Proteogenomic characterization reveals tumorigenesis and progression of lung cancer manifested as subsolid nodules

Affiliations

Proteogenomic characterization reveals tumorigenesis and progression of lung cancer manifested as subsolid nodules

Hang Su et al. Nat Commun. .

Abstract

Lung adenocarcinoma (LUAD) radiologically displayed as subsolid nodules (SSNs) is prevalent. Nevertheless, the precise clinical management of SSNs necessitates a profound understanding of their tumorigenesis and progression.

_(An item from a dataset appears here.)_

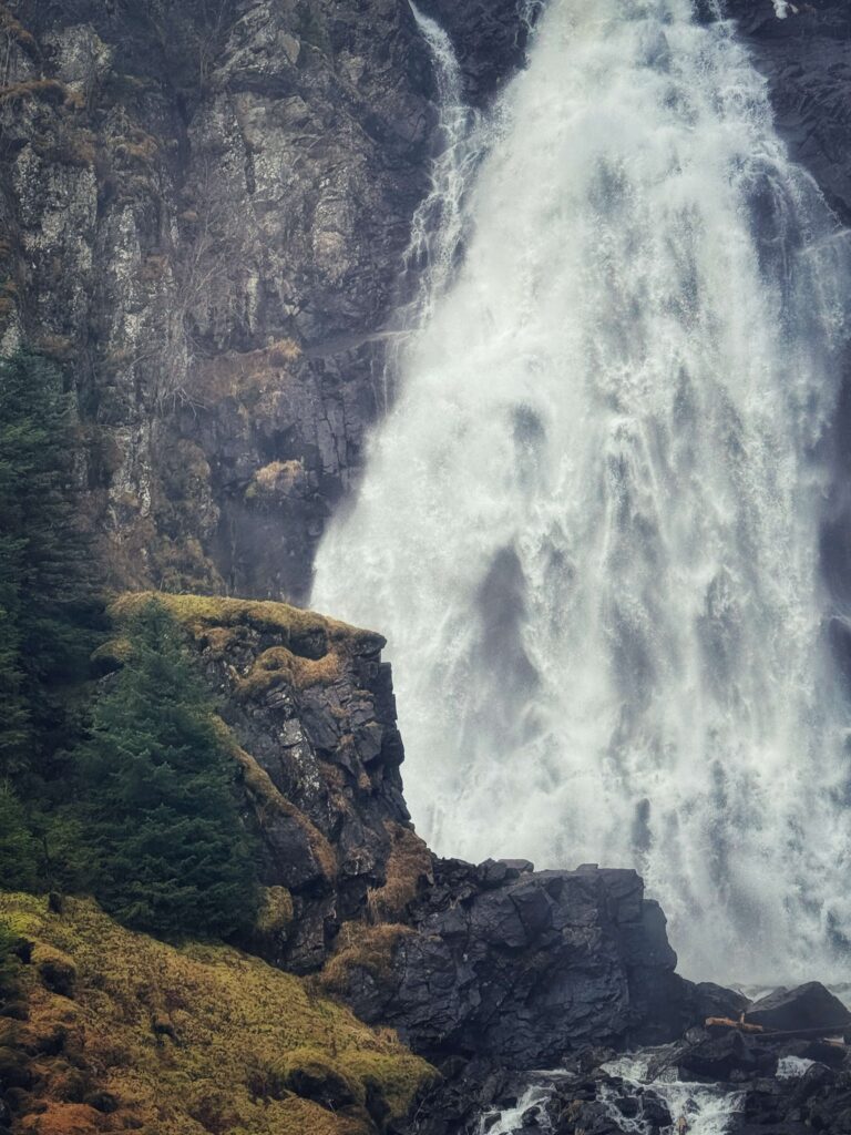 Der Weg wird etwas anspruchsvoller, führt durch Wälder, über Brücken und entlang von Felswänden, immer mit Blick auf die nächsten Wasserfälle: Nyastølfossen, Nykkjesøyfossen und schließlich Søtefossen, der sich in mehreren Kaskaden dramatisch ins Tal ergießt.
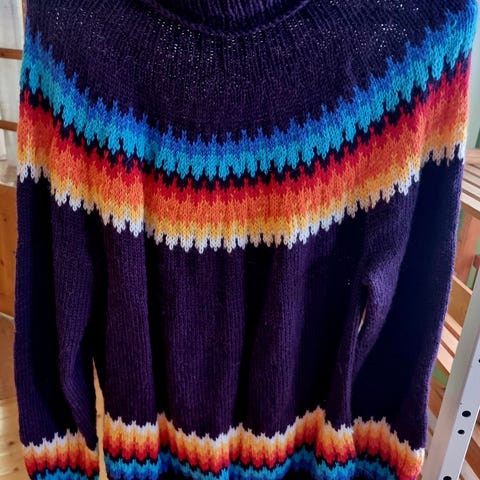 Villatakki perinteisellä Revontuli-kuviolla 160e. Koko XL. Mitat kai-kai 58cm, kai-helma 57cm ja hihan sisäpituus 56cm. Lanka Seitsemän veljestä.

Here, we analyze 66 LUAD displayed as SSNs covering 3 histological stages including adenocarcinoma in situ (AIS), minimally invasive adenocarcinoma (MIA) and invasive adenocarcinoma (IAC) by incorporating genomics, proteomics, phosphoproteomics and glycoproteomics. Intriguingly, cholesterol metabolism is aberrantly regulated in the preneoplastic AIS stage. Importantly, target ablation of proprotein convertase subtilisin/kexin type 9 (PCSK9) promotes the initiation of LUAD. Furthermore, sustained endoplasmic reticulum stress is demonstrated to be a hallmark and a reliable biomarker of AIS progression to IAC. Consistently, target promotion of ER stress profoundly retards LUAD progression. Our study provides comprehensive proteogenomic landscape of SSNs, sheds lights on the tumorigenesis and progression of SSNs and suggests preventive and therapeutic strategies for LUAD.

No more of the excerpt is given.